* [AIM OF THE EXERCISE]:
Every line from the first record below down to the line that includes "This issue of" must be reproduced exactly; the pictures are not.

* [RECORDS FOR THIS TASK]:
----------
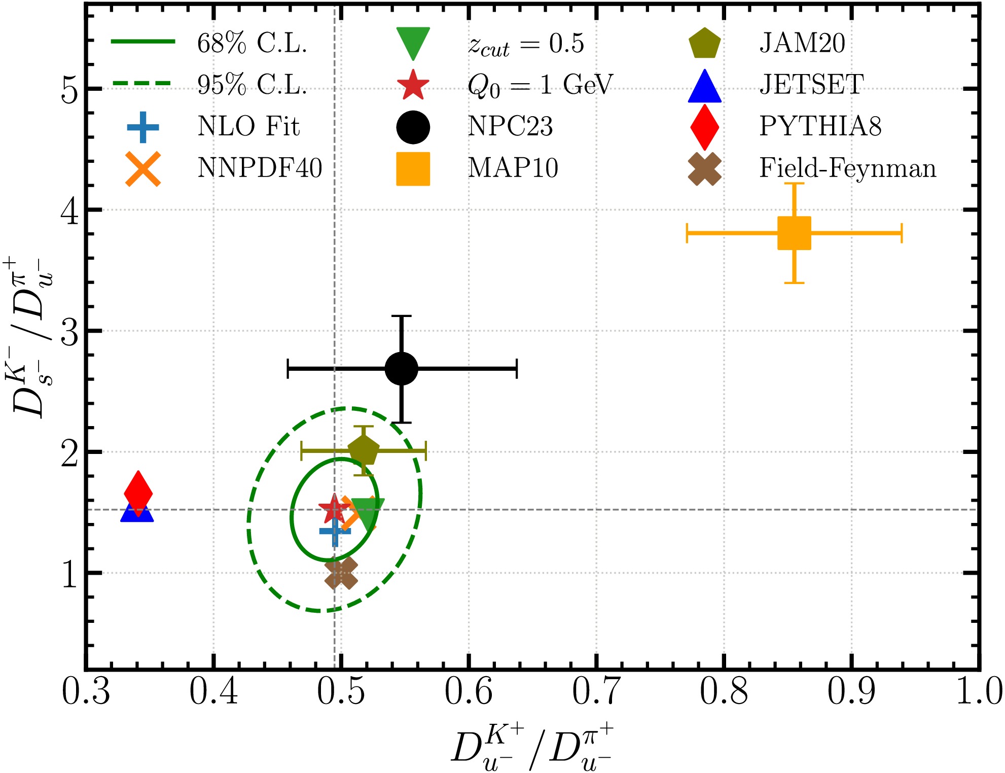 $ D_{u^-}^{K^+}/D_{u^-}^{\pi^+} $ and$ D_{s^-}^{K^-}/D_{u^-}^{\pi^+} $ . Our best-fit predicts these ratios to be 0.49 and 1.52, respectively. The two ellipses represent the 68% and 95% C.L. region determined with the Hessian method. A tolerance of$ \Delta \chi^2=5.4 $ is estimated for our nominal joint fit due to the slightly worse agreement with the COMPASS proton data. We show predictions from alternative fits with NNPDF4.0 PDFs, a z cut of 0.5, and$ Q_0=1 $ GeV, and a NLO fit. They all fall within the 68% C.L. error ellipse of the NNLO nominal fit. The Field-Feynman model predicts the two ratios to be 0.50 and 1.0, which is close to the boundary of the 68% C.L. error ellipse. We also calculate the ratios using either NNLO and NLO FFs from global analyses or MC simulations following similar procedure as explained in the pion-only fit. In the calculations we have integrated the FFs over z from 0.4 to 1 before taking the ratios. The central prediction from NPC23 (JAM20) FFs is close to the boundary of the 95% (68%) C.L. error ellipse while that from MAP10 shows much larger values of the two ratios. Both PYTHIA8 and JETSET [78] predict a stronger strangeness suppression with$ D_{u^-}^{K^+}/D_{u^-}^{\pi^+} $ of about 0.34.
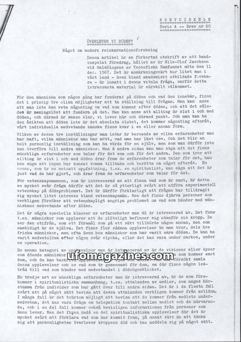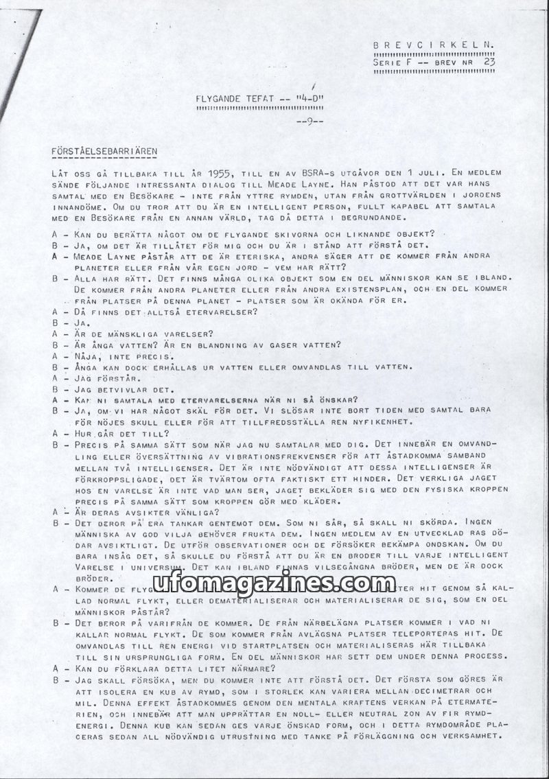 This issue of Brevcirkeln. features a dialogue with Meade Layne about flying saucers, which are described as eterial and originating from various planes of existence, not just othe
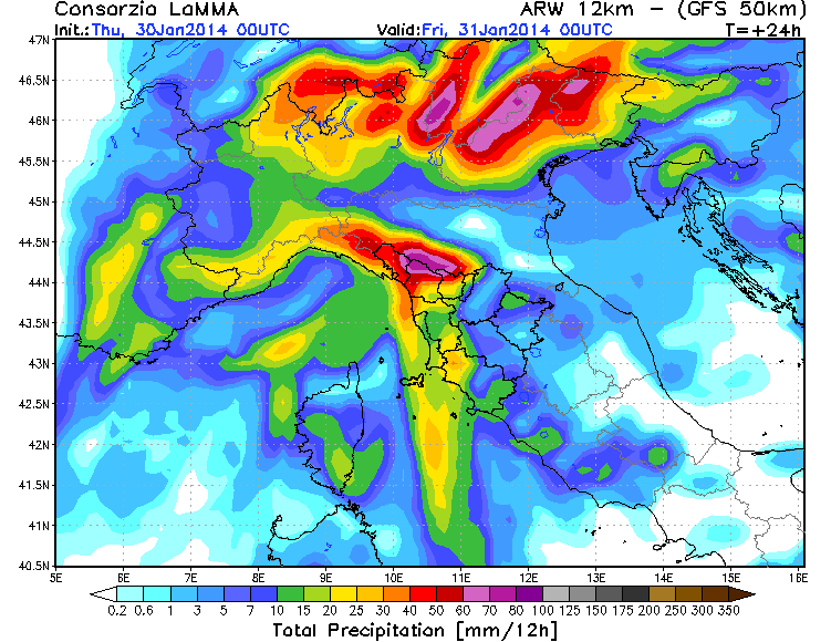 Nell’immagine di copertina, tratta dal modello di previsione su scala locale del Lamma Toscana, notiamo una macchia rossa proprio su Garfagnana e Lunigiana, macchia che diventa violacea in prossimità dell’Appennino. Questa foto sta ad indicare una stima delle precipitazioni previste tra le 12 odierne e le 00 di venerdi: in 12 ore la cumulata sarà vicina ai 100 mm.
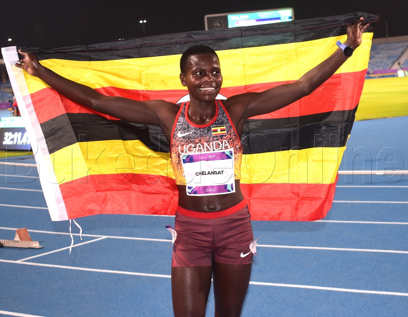Munnayuganda Rebecca Chelangat awangulidde Uganda omudaali gwa zaabu ogwokusatu mu mpaka za Islamic Solidarity Games egiyindira mu kibuga Riyadh ekya Saudi Arabia.
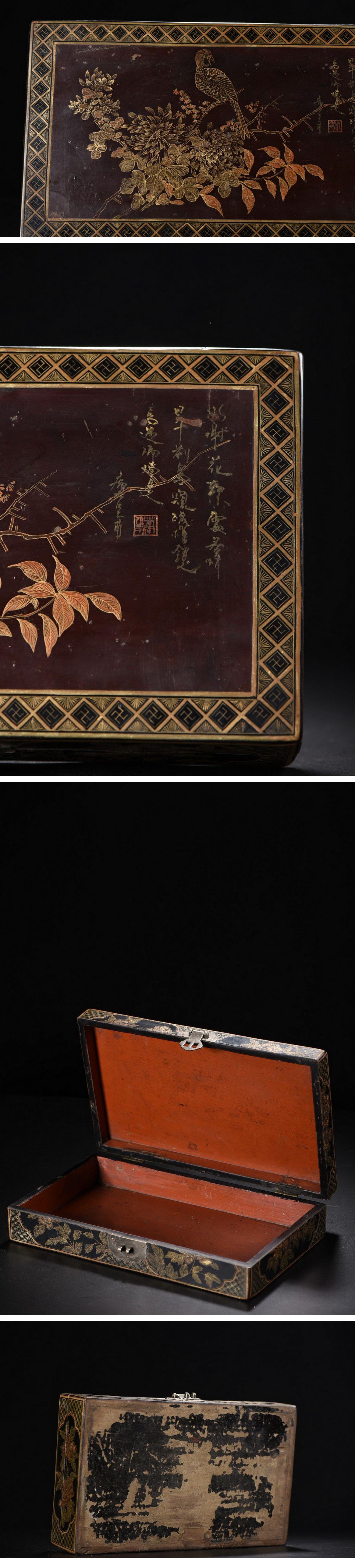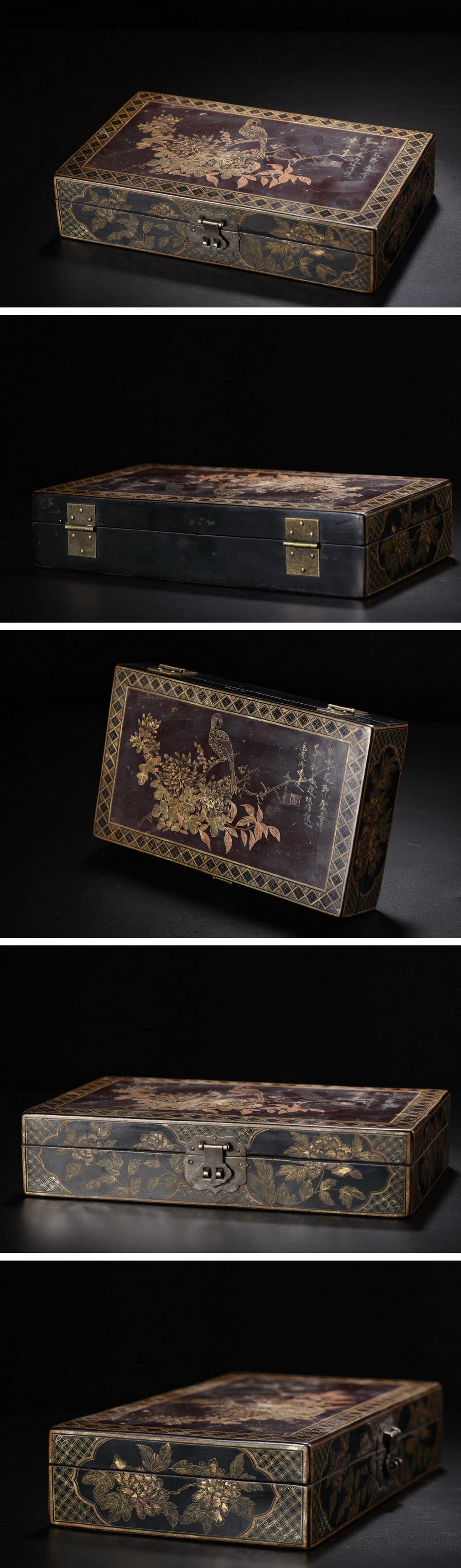 【清】某有名オークション購入 清時代 木胎漆塗り 花卉図金蒔絵文庫 材質保証 古置物 古擺件 古美術 時代コレクション7L9-VT5
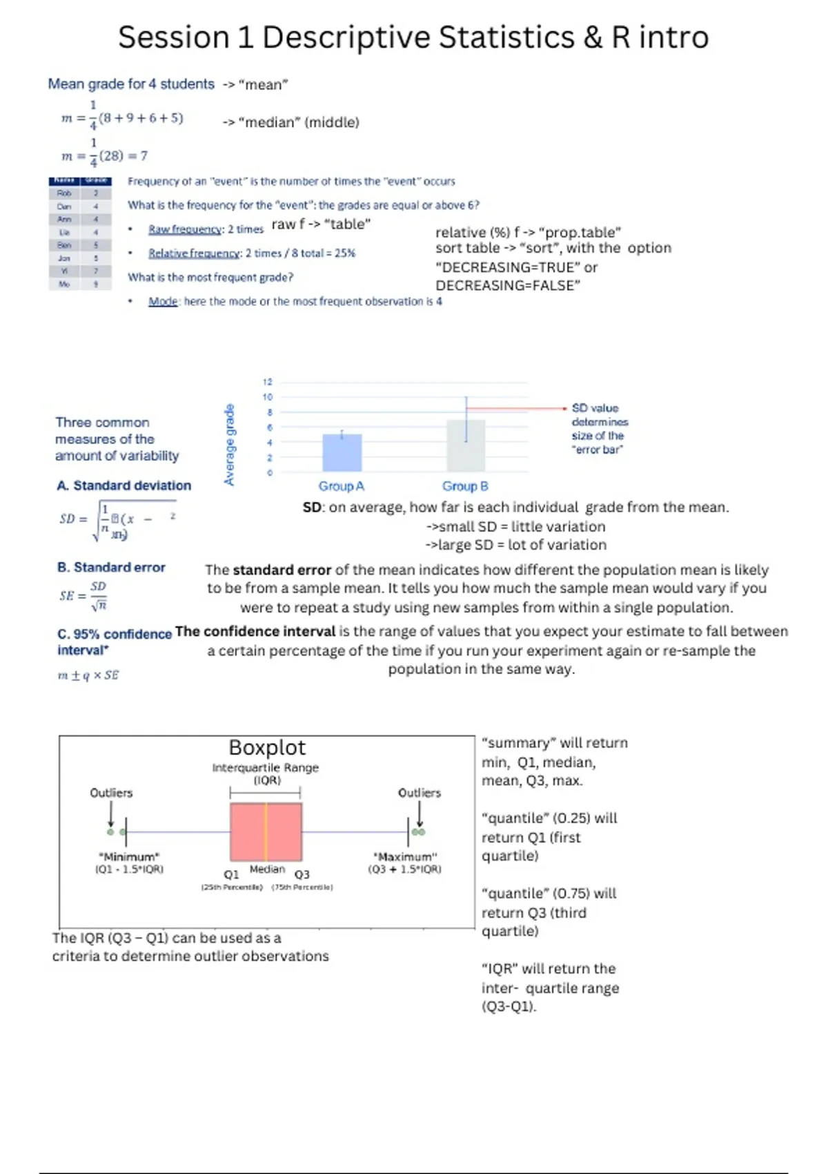 Session 1 Descriptive Statistics & R intro
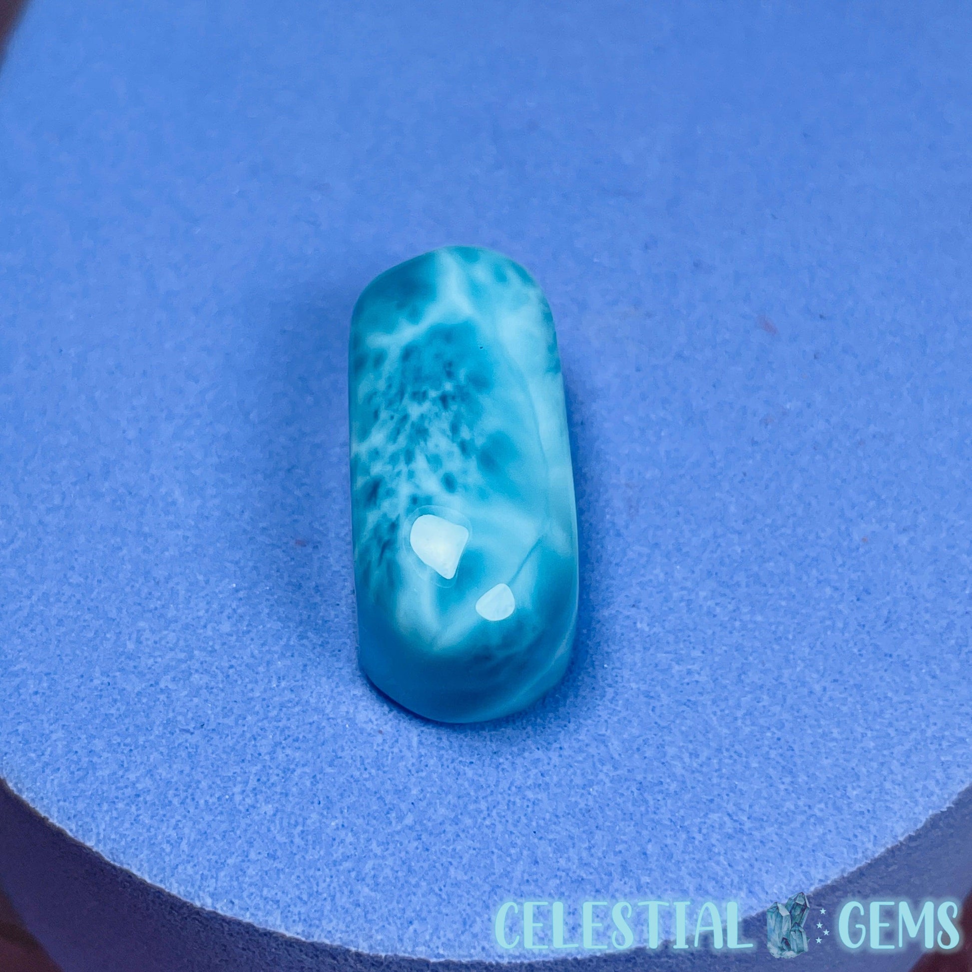 This is a rare A Grade Larimar cabochon in an oval pillow shape (Atlantic Stone, Blue Pegmatite) from the Dominican Republic. This mineral is extremely rare and is only mined in one place in the world.
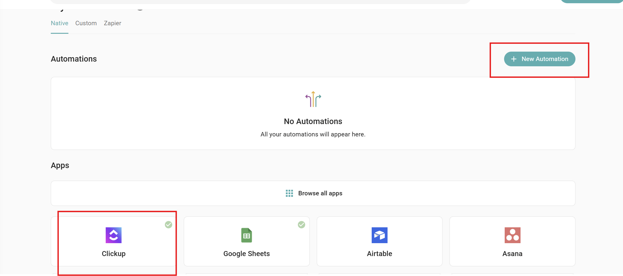 To add Automation, select the connected app and then click “+New Automation” in the pop-up, or click “+New Automation” and select the connected app on the page
----------
* [THE ANSWER]:
 $ D_{u^-}^{K^+}/D_{u^-}^{\pi^+} $ and$ D_{s^-}^{K^-}/D_{u^-}^{\pi^+} $ . Our best-fit predicts these ratios to be 0.49 and 1.52, respectively. The two ellipses represent the 68% and 95% C.L. region determined with the Hessian method. A tolerance of$ \Delta \chi^2=5.4 $ is estimated for our nominal joint fit due to the slightly worse agreement with the COMPASS proton data. We show predictions from alternative fits with NNPDF4.0 PDFs, a z cut of 0.5, and$ Q_0=1 $ GeV, and a NLO fit. They all fall within the 68% C.L. error ellipse of the NNLO nominal fit. The Field-Feynman model predicts the two ratios to be 0.50 and 1.0, which is close to the boundary of the 68% C.L. error ellipse. We also calculate the ratios using either NNLO and NLO FFs from global analyses or MC simulations following similar procedure as explained in the pion-only fit. In the calculations we have integrated the FFs over z from 0.4 to 1 before taking the ratios. The central prediction from NPC23 (JAM20) FFs is close to the boundary of the 95% (68%) C.L. error ellipse while that from MAP10 shows much larger values of the two ratios. Both PYTHIA8 and JETSET [78] predict a stronger strangeness suppression with$ D_{u^-}^{K^+}/D_{u^-}^{\pi^+} $ of about 0.34.
 This issue of Brevcirkeln. features a dialogue with Meade Layne about flying saucers, which are described as eterial and originating from various planes of existence, not just othe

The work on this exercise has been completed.